Says Dr Klaus Schenk, senior vice president of security and threat research at Verimatrix: “In the near future, it's likely that manual back-ups to technology will remain, limiting vulnerability. As AI and automation expand, the risks may increase. If humans are removed from key roles like piloting, medicine, or infrastructure control, the damage from system failures could be severe.

“For example, if medicine becomes highly automated by AI, a breakdown of these systems could be catastrophic, plunging medical care back to medieval standards since humans will have lost the expertise to practice medicine manually. The most dystopian scenarios will only happen once IT and AI completely take over tasks that humans can no longer perform themselves. Total dependency on technology leads to total vulnerability. Maintaining human capabilities alongside automated systems can help provide resilience against failures.”

The advancement of technology provides many benefits for the average consumer when it comes to travel - but beware, says Charlie Barr.

“Mobile phone apps alone contain a plethora of convenience, all on a single device. But from a cyber security perspective, the over-reliance on a single app provides a crippling weakness for industry providers, as a single ransomware attack or denial of service can completely dismantle a travel company's business, as was evidenced in the attack against Scandinavian Airlines, where hackers took down the website and app and demanded increasingly larger sums of money as ransom, from thousands to hundreds of thousands, to millions of US dollars.”

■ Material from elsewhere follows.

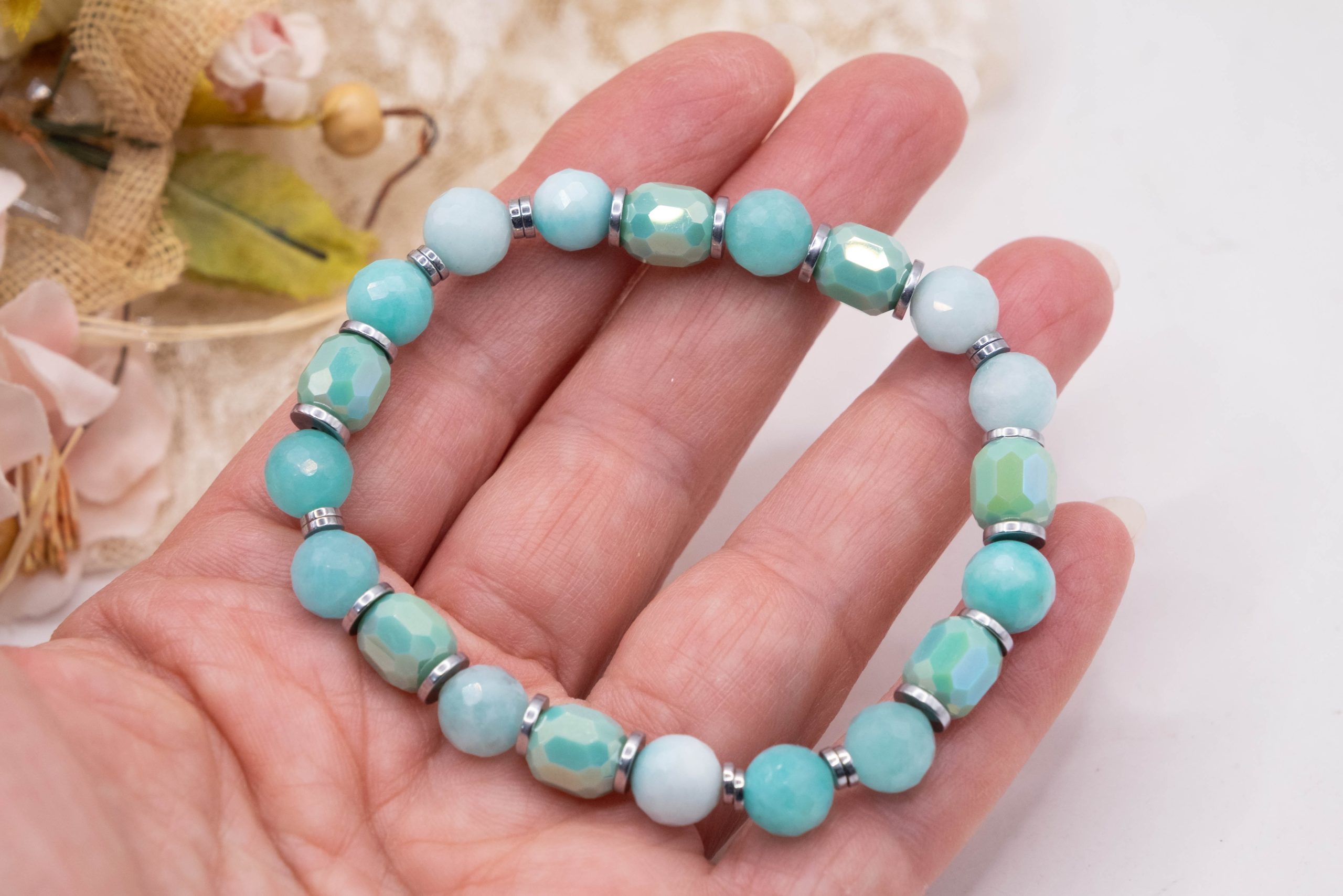 Bracciale Elasticizzato con pietre naturali e cristalli luminosi

Jamie Akhtar: “A real area of concern is supply chain attacks. The travel sector is incredibly reliant on its supply chains, and hackers know this. We expect to see more attacks on the small suppliers who work with large airlines and travel vendors as targeting them is often simpler for would-be cybercriminals.

“We can’t ignore the threat posed by nation-state actors. We’ve seen plenty of examples of nation-state attacks on critical infrastructure in the last few years and, unfortunately, the travel industry is very much a target in this regard.”

However, Zane Bond, Head of Product at Keeper Security thinks that despite everything, modern technology has greatly improved travel.

“While major disruptions like air traffic control shutdowns and booking outages can happen, they are the exception, rather than the rule. The more likely scenario is that you will receive push notifications to alert you of flight cancellations, emails about in-flight options and text messages to check in faster, among other things.

“Think back to thirty years ago, when travellers had to just sit at the airport waiting for an announcement over the intercom to inform them something went wrong.”